The gastrointestinal tract comprises more than 70% of immune cells of the body and is dominated by massive production of secretory IgA which ensures immune exclusion of pathogens. it’s huge epithelial surface permanent encounters loads of innocuous environmental antigens from the diet and the gut microbiota, while only occasionnally exposed to pathogens. The gut-associated immune system finely tunes tolerance to innocuous antigens and protective immunity to microbes. Remarkably, innocuous antigens are not simply ignored but trigger well balanced immune responses crucial for the development and function of our entire immune system. Failure of mucosal tolerance results in food allergies and chronic inflammatory bowel diseases, pathologies that are increasing in developed countries. Alternatively, oral vaccines providing robust mucosal protection against infection and transmission of microbes is hampered by tolerance.
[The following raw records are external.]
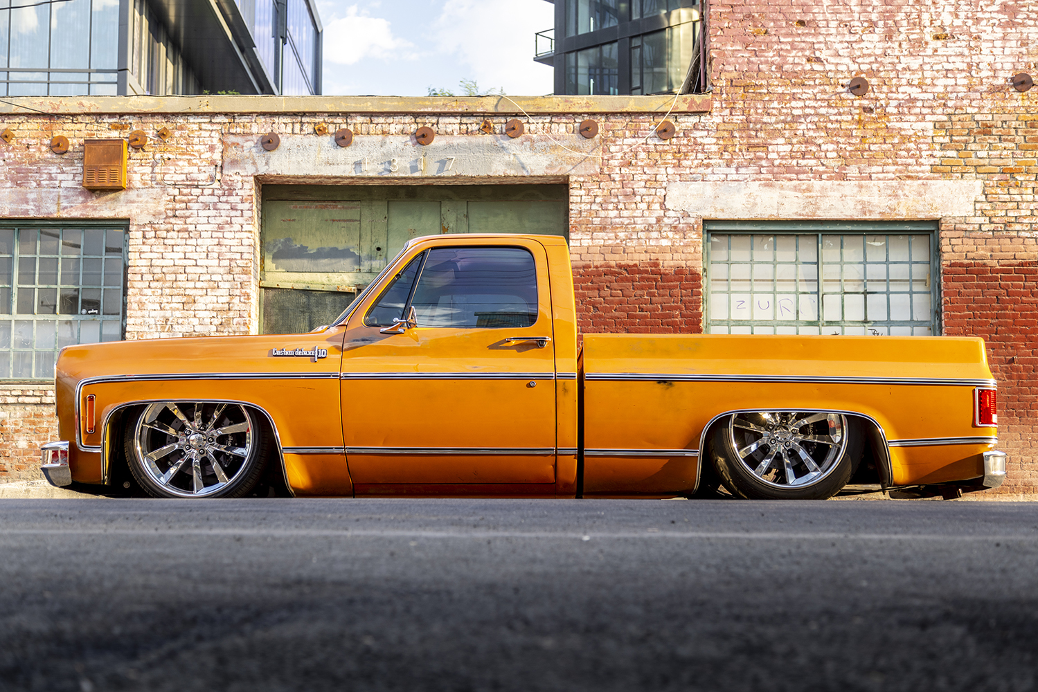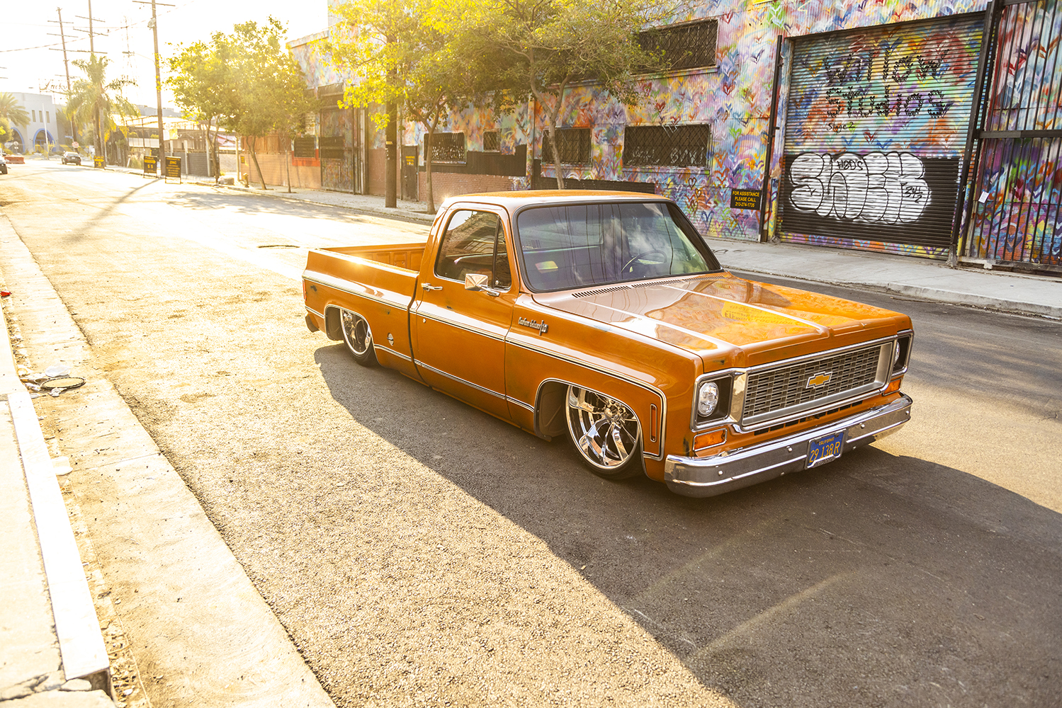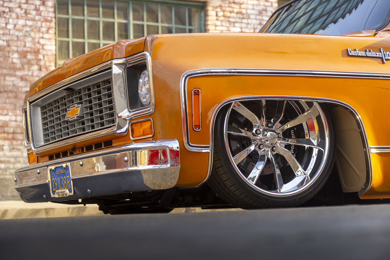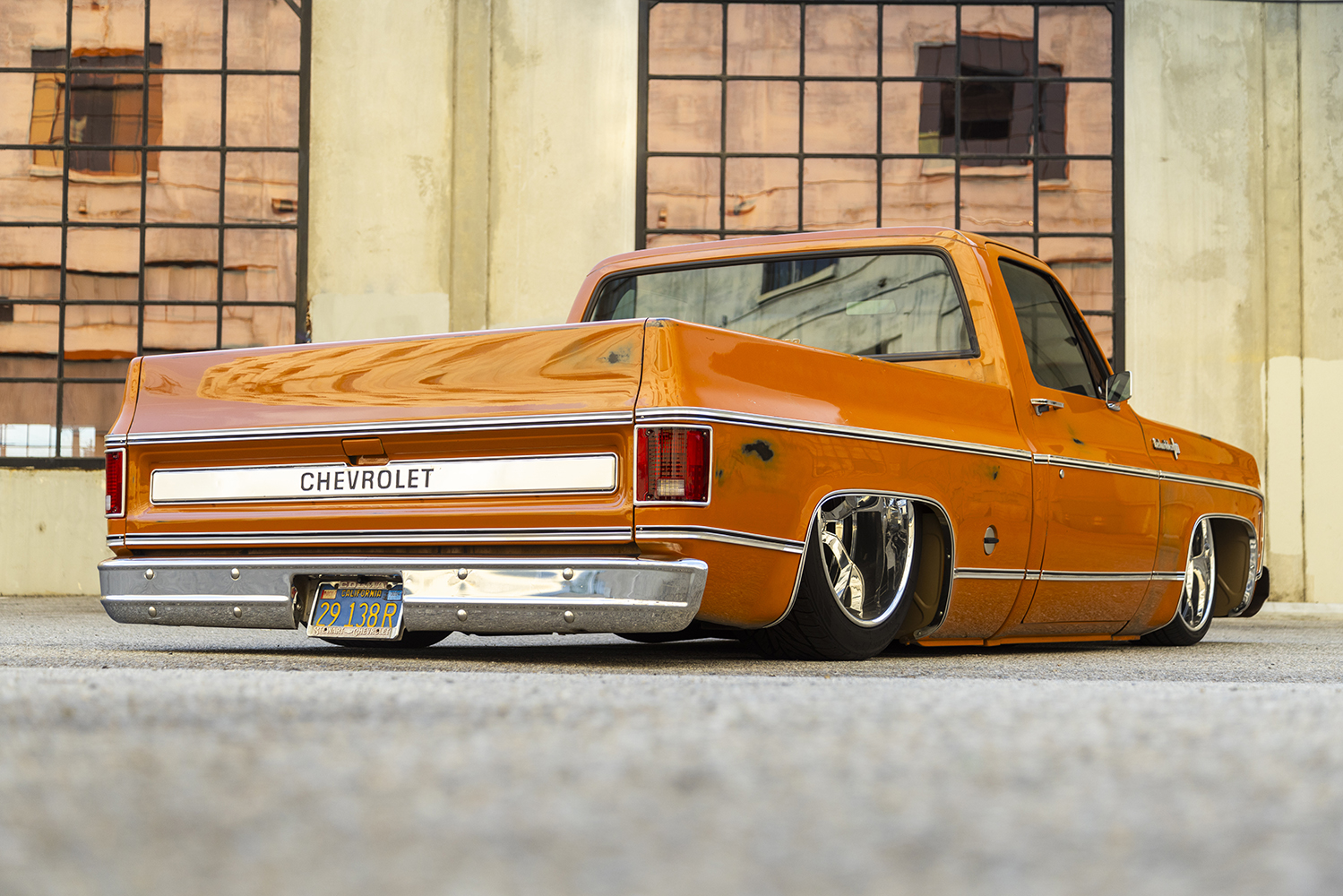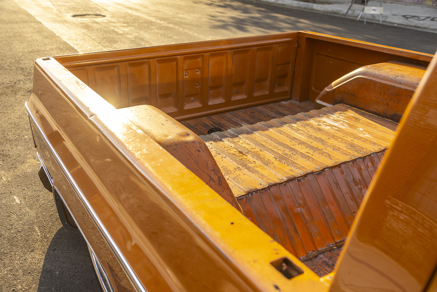 “Mr. Simpson. First off, my dude Eddie Franco told me that our buddy, that sexy Ginger Derek Schaefer, actually started this build back in 2016 but he got busy so on a shelf it went at his shop in San Luis Obispo. After years of collecting dust and a few years of me trying to get it, I was finally able to pry it from his hands. Never had a Squarebody and honestly didn’t realize the love the Squares seem to bring. It’s a killer one-year-only color, the first year of the Squarebody, and the only year of no factory driprails … pretty cool, I think. If I recall correctly, [Schaefer] named it Mr. Simpson because it’s orange, like orange juice and, well, O.J. Simpson. So, a few cocktails and some mash-up of whatever and there you have it: Mr. Simpson. Oh yeah, did I mention the OE patina on it? Sheesh!”
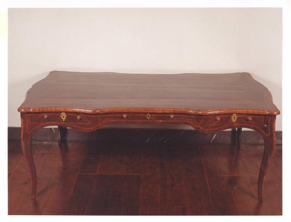 - NOTIZIE STORICO CRITICHE Lo stile Luigi XV trae il nome dal re di Francia, sviluppandosi alcuni anni dopo la sua ascesa al trono (1722) e corrispondente al massimo sviluppo del rococò. A Genova, da cui forse proviene questa importante scrivania, si guarda soprattutto al gusto francese, testimoniato sia dalle impiallacciature sia dall'uso di legni esotici e pregiati come il mogano violetto, tipici degli ebanisti d'oltralpe e che nell'oggetto in esame trovano piena rispondenza. Anche le piccole dorature, che incorniciano le serrature, o che si trasformano in un fiore stilizzato nei pomelli dei cassetti, sono tipiche dello stile ligure.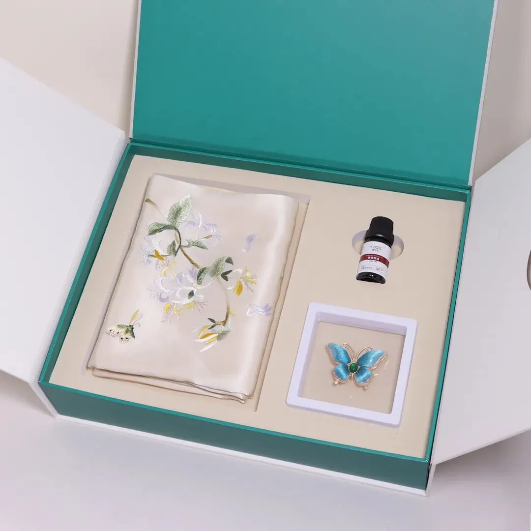 手工刺绣蝴蝶胸针,绣工精巧,暗含福气绵延的好意头;再配以专属香薰精油,香气淡雅温和,与东方美学格调相融。丝巾寓意富贵吉祥,蝴蝶胸针藏福叠好运,香薰精油寓意生活芬芳雅致,三重祝福叠加,自留或是送礼,都能传递出中原大地的温婉匠心与满满诚意。
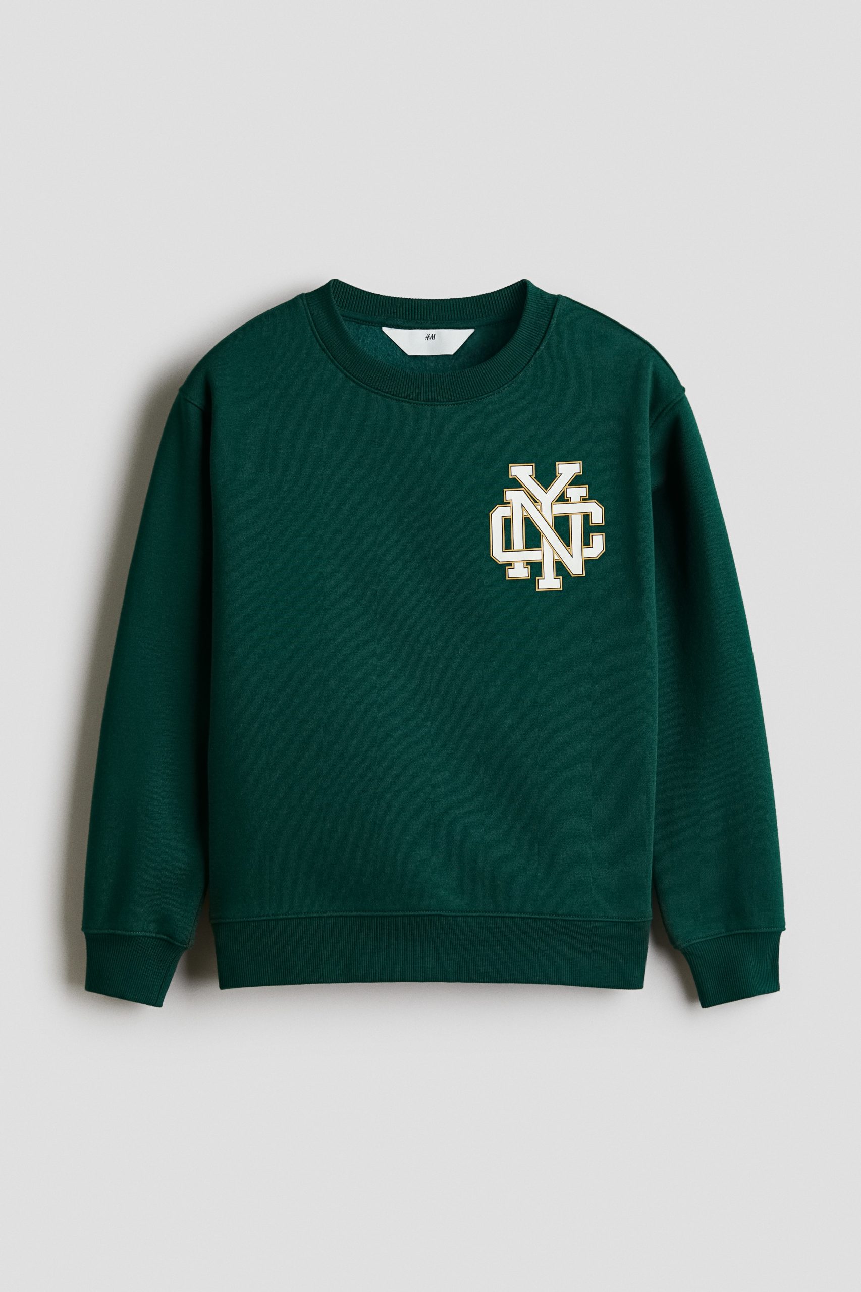 Een sweater van joggingstof met geprinte motieven en een zachte, geruwde binnenkant. Het model heeft een ronde halsopening met een geribde boord, verlaagde schoudernaden en lange mouwen. Geribde boord aan de onderkant en onder aan de mouwen.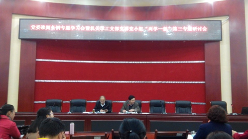 下午,学院党委召了《关于新形势下党内政治生活的若干准则》、《中国共产党党内监督条例》专题学习会暨机关学工党支部党群党小组“两学一做”第三专题研讨会。在校党委委员、纪委委员及党群部门全体党员、干部参加了学习研讨,会议由学院党委书记管永林主持。

In our team, we aim at characterizing the mechanisms of induction, expression and control of innate and adaptive immunity in the digestive tract and the skin, in response to innocuous antigens or vaccines and decipher the in vivo dynamics, plasticity and function of dendritic cells of the intestine, skin and liver in the induction of immunity versus tolerance and development of regulatory T cells. We use pre-clinical mouse models reproducing allergic diseases and Crohn’s disease, conduct clinical patho-physiological studies in humans to improve diagnosis, prognosis or treatment of intestinal diseases. Finally, to circumvent inefficacy of oral vaccination, we characterize parenteral routes of vaccination to induce IgA responses and protection against mucosal infections in the digestive and genital tracts.